*** Listed entries ***

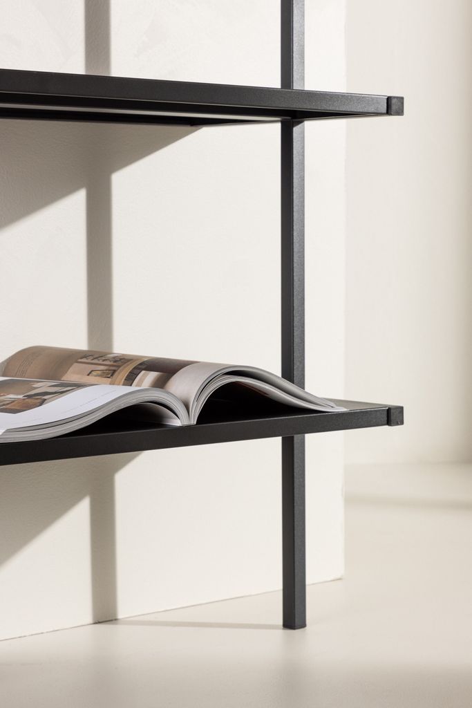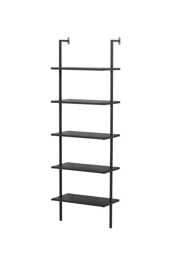 Stilren hylla i svart stål med fem hyllplan – perfekt för att organisera och visa upp dina favoriter.
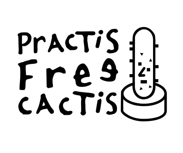 Next, apply the vinyl to the bottom of the frame. I used transfer tape for this and it was tedious and painstaking work! Take your time on this step!!Vinyl applied to the bottom of the screen, as seen through the top of the screen. This is how the design will appear on the finished work. Some duct tape is used to cover over the parts of the screen not covered by the vinyl. You can see the design says "Practis free cactis" alongside a cartoon potted cactus.
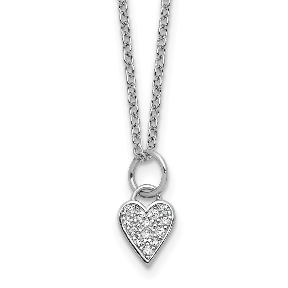 Cheryl M Sterling Silver Rhodium-plated Polished CZ Heart with 2 Inch Extension Necklace
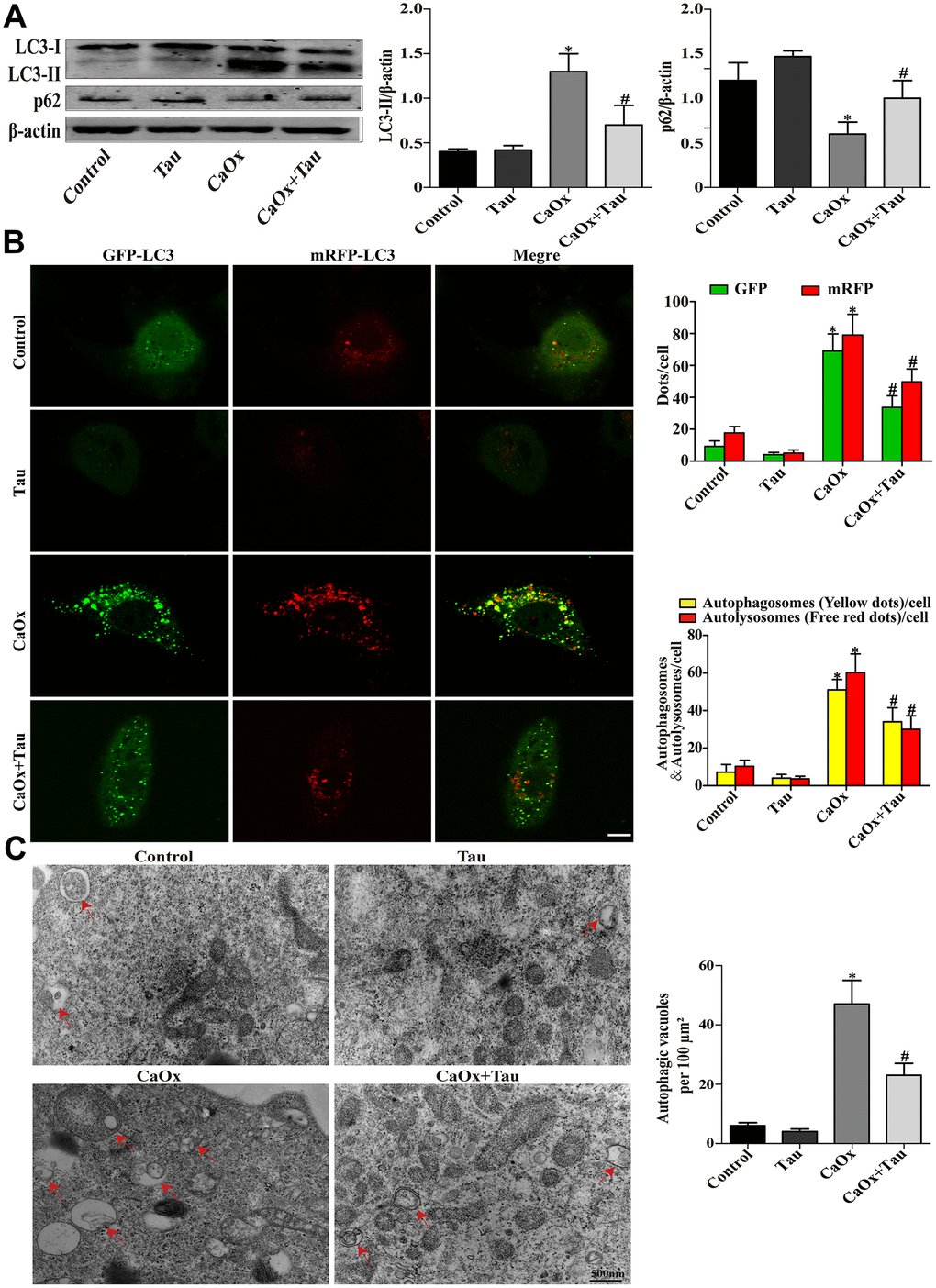 During the process of autophagy, cytosolic LC3 (LC3-I) enzymatically removes a small segment of polypeptide and transforms into autophagosomes (LC3-II). The increase in LC3-II represents the initiation of autophagy. P62 is a protein complex that can be degraded by autophagy. The elevation of LC3-II and the simultaneous decrease in P62 indicate that autophagy is activated. Here, the expression of the key autophagy protein LC3B (LC3-II / LC3-I) in the model group was significantly upregulated compared to the controls. The model group also presented significantly reduced P62 expression and an increased number of autophagic vesicles. Treatment with Tau significantly reduced the excessive activation of autophagy (Figure 3A and Figure 4A) and the formation of autophagic vesicles (Figure 3C and Figure 4C). Immunohistochemistry results were consistent with those of Western blot (Figure 4B). We further transduced HK-2 cells with double-labeled adenovirus to detect autophagic flux. Autolysosomes and autophagosomes were marked as red and yellow dots, respectively, in the merged images. CaOx stimulation significantly increased the green, red, and yellow spots, whereas Tau pretreatment significantly suppressed the formation of autophagic vesicles (Figure 3B).
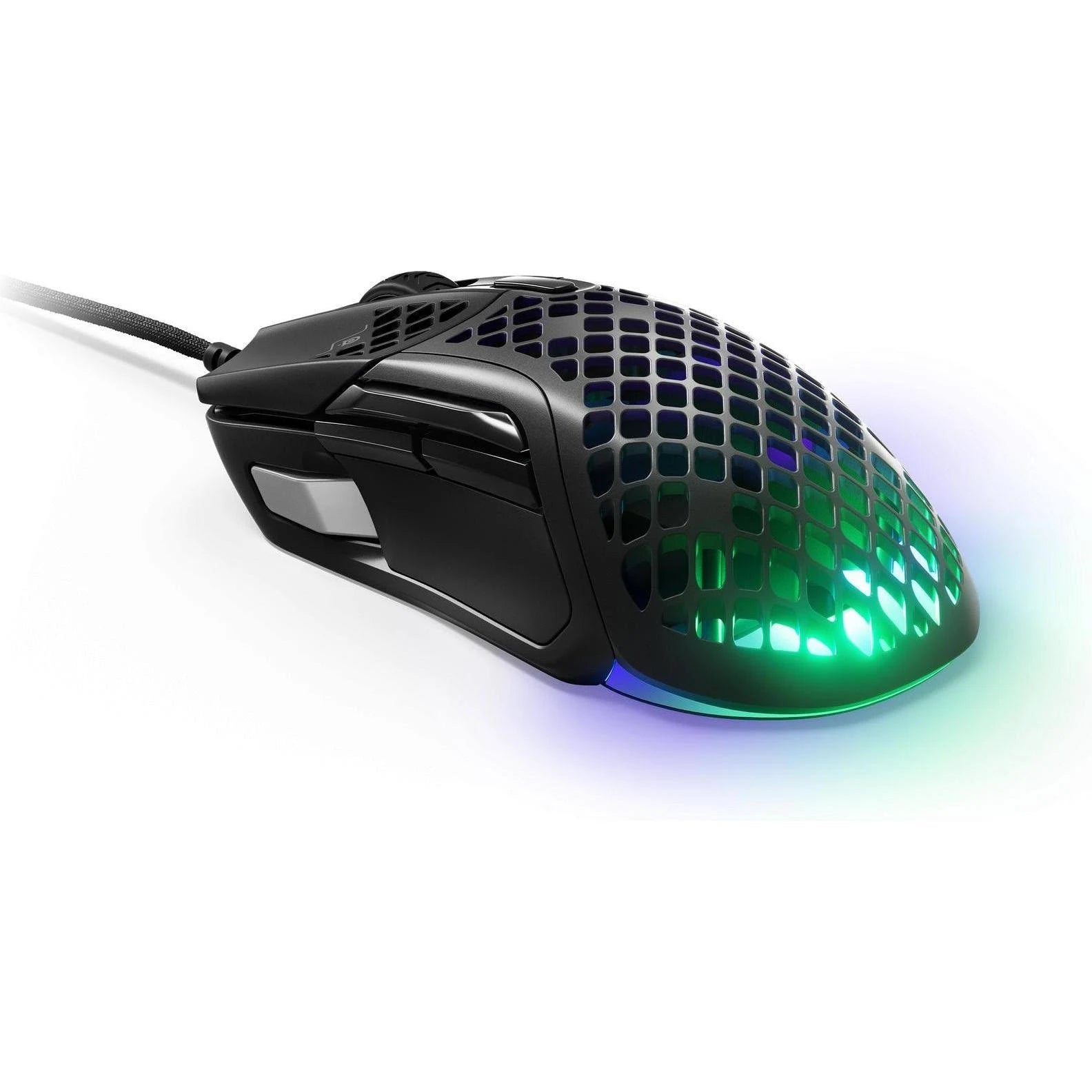 The SteelSeries Aerox 5 is a wired gaming mouse for right-handers. The high-precision SteelSeries TrueMove Air sensor, offers a max. resolution of 18K DPI. The tournament mouse also shines with a max. acceleration of 40 G and 400 IPS to reliably process fast mouse movements of low-sensitivity gamers. The 1,000 Hz afragerate of the SteelSeries Aerox 5 Wireless ensures fast communication between mouse and processor in a 1-ms interval and a delay-free transmission. As a result, every keystroke is processed in near real time to respond appropriately to any gaming situation. The Golden Micro IP54 switches, which are designed for at least 80 million clicks, ensure long, trouble-free operation. Thanks to these features, the SteelSeries Aerox 5 Wireless is particularly suitable for ambitious gamers and professional eSport players. The upper side of the SteelSeries Aerox 5 Wireless is manufactured in a stylish honeycomb design. Thanks to this, the mouse becomes a real eye-catcher and achieves its light weight of only 66 g. This design also offers functional advantages: It increases air permeability and thus ensures pleasant cooling of the palm on hot summer days and prevents perspiration. This also increases the grip of the mouse, whether claw grip or palm grip. Despite the open design, you don't have to worry about moisture, as the mouse is protected against splashing water with IP-54. The gaming mouse with activated RGB lighting is an unmistakable eye-catcher. This 3-zone lighting is located on the underside of the mouse, below your palm. This way, the RGB lighting will never bother you. The RGB lighting can be configured as desired via the SteelSeries Engine. The mouse offers a total of nine programmable buttons: two main buttons for right and left click, five thumb buttons, a clickable scroll wheel and a dedicated DPI slider. Excellent glide with minimal friction is provided by the G-Skates
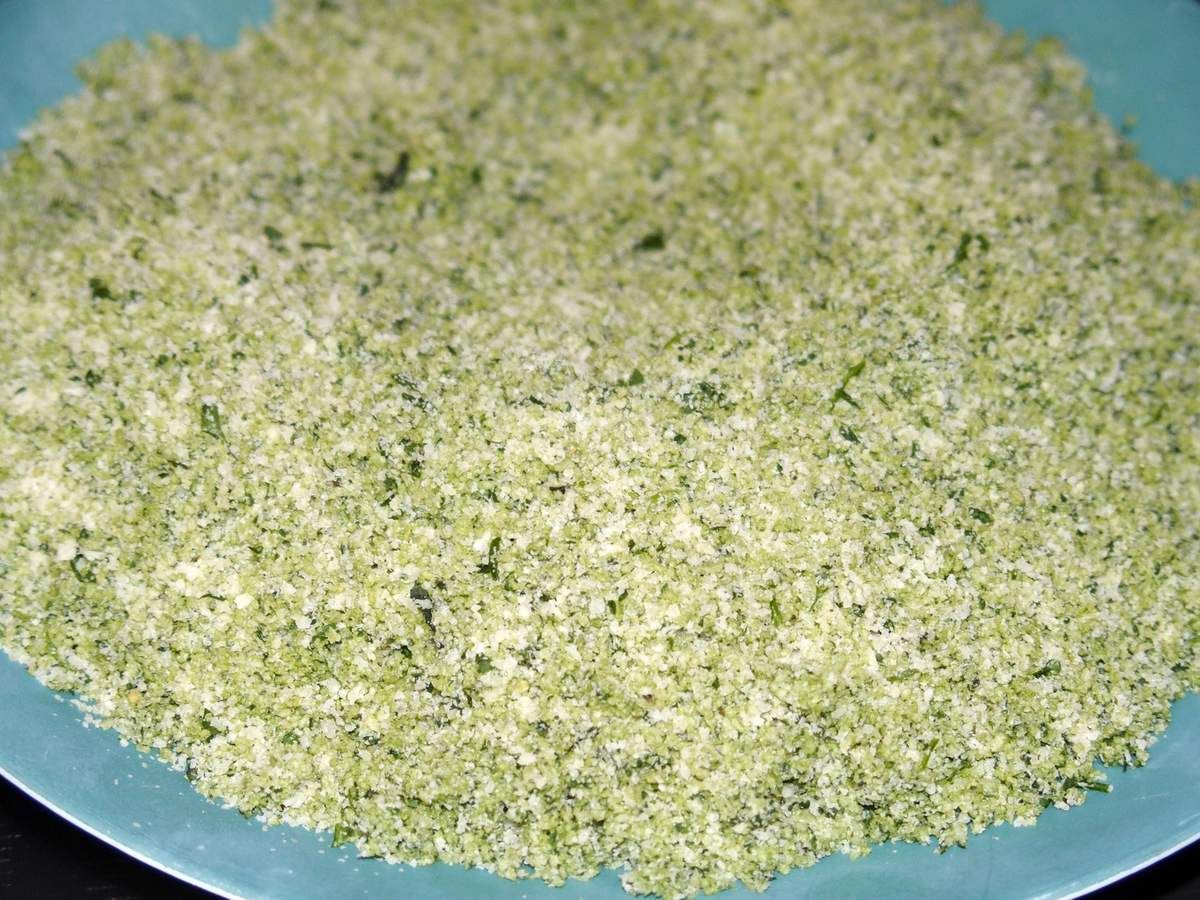 5) Effeuiller le persil et le basilic. Mixer finement la chapelure, le basilic et le persil ensemble. Attention à ce que les herbes soient bien sèches pour éviter que le mélange ne colle. Saler et poivrer et mettre dans une assiette.

*** End of Listed entries ***

What is needed – Every entry should come back exactly as written, only without images.

Response –
 Stilren hylla i svart stål med fem hyllplan – perfekt för att organisera och visa upp dina favoriter.
 Next, apply the vinyl to the bottom of the frame. I used transfer tape for this and it was tedious and painstaking work! Take your time on this step!!Vinyl applied to the bottom of the screen, as seen through the top of the screen. This is how the design will appear on the finished work. Some duct tape is used to cover over the parts of the screen not covered by the vinyl. You can see the design says "Practis free cactis" alongside a cartoon potted cactus.
 Cheryl M Sterling Silver Rhodium-plated Polished CZ Heart with 2 Inch Extension Necklace
 During the process of autophagy, cytosolic LC3 (LC3-I) enzymatically removes a small segment of polypeptide and transforms into autophagosomes (LC3-II). The increase in LC3-II represents the initiation of autophagy. P62 is a protein complex that can be degraded by autophagy. The elevation of LC3-II and the simultaneous decrease in P62 indicate that autophagy is activated. Here, the expression of the key autophagy protein LC3B (LC3-II / LC3-I) in the model group was significantly upregulated compared to the controls. The model group also presented significantly reduced P62 expression and an increased number of autophagic vesicles. Treatment with Tau significantly reduced the excessive activation of autophagy (Figure 3A and Figure 4A) and the formation of autophagic vesicles (Figure 3C and Figure 4C). Immunohistochemistry results were consistent with those of Western blot (Figure 4B). We further transduced HK-2 cells with double-labeled adenovirus to detect autophagic flux. Autolysosomes and autophagosomes were marked as red and yellow dots, respectively, in the merged images. CaOx stimulation significantly increased the green, red, and yellow spots, whereas Tau pretreatment significantly suppressed the formation of autophagic vesicles (Figure 3B).
 The SteelSeries Aerox 5 is a wired gaming mouse for right-handers. The high-precision SteelSeries TrueMove Air sensor, offers a max. resolution of 18K DPI. The tournament mouse also shines with a max. acceleration of 40 G and 400 IPS to reliably process fast mouse movements of low-sensitivity gamers. The 1,000 Hz afragerate of the SteelSeries Aerox 5 Wireless ensures fast communication between mouse and processor in a 1-ms interval and a delay-free transmission. As a result, every keystroke is processed in near real time to respond appropriately to any gaming situation. The Golden Micro IP54 switches, which are designed for at least 80 million clicks, ensure long, trouble-free operation. Thanks to these features, the SteelSeries Aerox 5 Wireless is particularly suitable for ambitious gamers and professional eSport players. The upper side of the SteelSeries Aerox 5 Wireless is manufactured in a stylish honeycomb design. Thanks to this, the mouse becomes a real eye-catcher and achieves its light weight of only 66 g. This design also offers functional advantages: It increases air permeability and thus ensures pleasant cooling of the palm on hot summer days and prevents perspiration. This also increases the grip of the mouse, whether claw grip or palm grip. Despite the open design, you don't have to worry about moisture, as the mouse is protected against splashing water with IP-54. The gaming mouse with activated RGB lighting is an unmistakable eye-catcher. This 3-zone lighting is located on the underside of the mouse, below your palm. This way, the RGB lighting will never bother you. The RGB lighting can be configured as desired via the SteelSeries Engine. The mouse offers a total of nine programmable buttons: two main buttons for right and left click, five thumb buttons, a clickable scroll wheel and a dedicated DPI slider. Excellent glide with minimal friction is provided by the G-Skates
 5) Effeuiller le persil et le basilic. Mixer finement la chapelure, le basilic et le persil ensemble. Attention à ce que les herbes soient bien sèches pour éviter que le mélange ne colle. Saler et poivrer et mettre dans une assiette.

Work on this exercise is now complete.